Available data

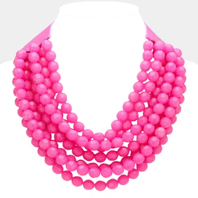 Chunky Acrylic Ball Beaded Multi Layered Faux Leather Magnetic Necklace In Pink
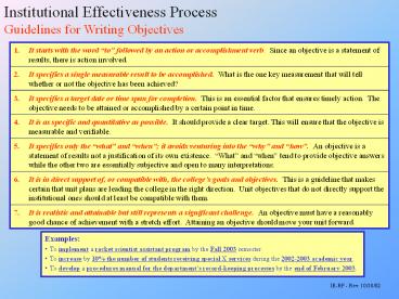 Institutional Effectiveness Process PowerPoint PPT Presentation
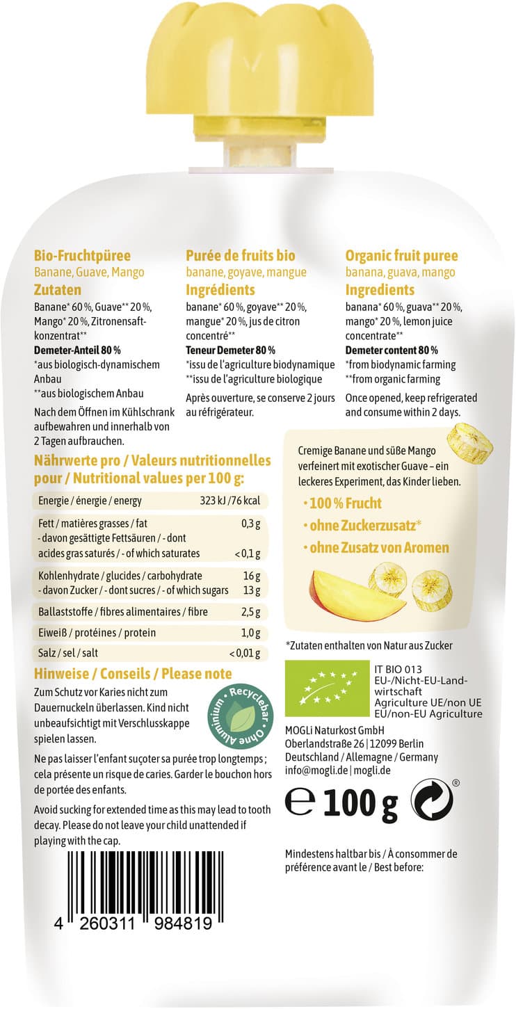 ZutatenDemeter-Anteil 80%: Banane* 60%, Guave** 20%, Mango* 20%, Zitronensaftkonzentrat** *aus biologisch-dynamischem Anbau ** aus biologischem Anbau
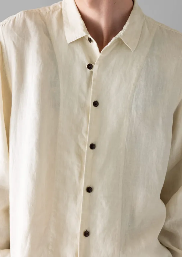 Our garment-dyed shirt features a single asymmetric rouleau loop fastening, interrupting the placket. Crafted from supple linen to a curved-hem shape with a small point collar. Part of our Menswear collection. Slubbed linen. Garment-dyed. Small point collar. Forward-sitting shoulder seams. Curved hem. Asymmetric loop. Corozo buttons. Details Machine wash 30ºC. 100% linen. Made in India.Variations/unevenness of colour and gradual fading are characteristic of garment dyeing. The light coloured base of the fabric may show occasionally at stitching points, this should not be considered a defect. Size & Fit Regular fit. Length: Mid hip. Sleeve: Full length.Studio model Theodor is 6ft 2in/188.5cm tall and wears a size M.

Exercise
Only the lines from the top of the data through the line with "ZutatenDemeter-Anteil 80%: Banane*" should be quoted, exactly and with both ends kept; skip the pictures.

Solved exercise
 Chunky Acrylic Ball Beaded Multi Layered Faux Leather Magnetic Necklace In Pink
 Institutional Effectiveness Process PowerPoint PPT Presentation
 ZutatenDemeter-Anteil 80%: Banane* 60%, Guave** 20%, Mango* 20%, Zitronensaftkonzentrat** *aus biologisch-dynamischem Anbau ** aus biologischem Anbau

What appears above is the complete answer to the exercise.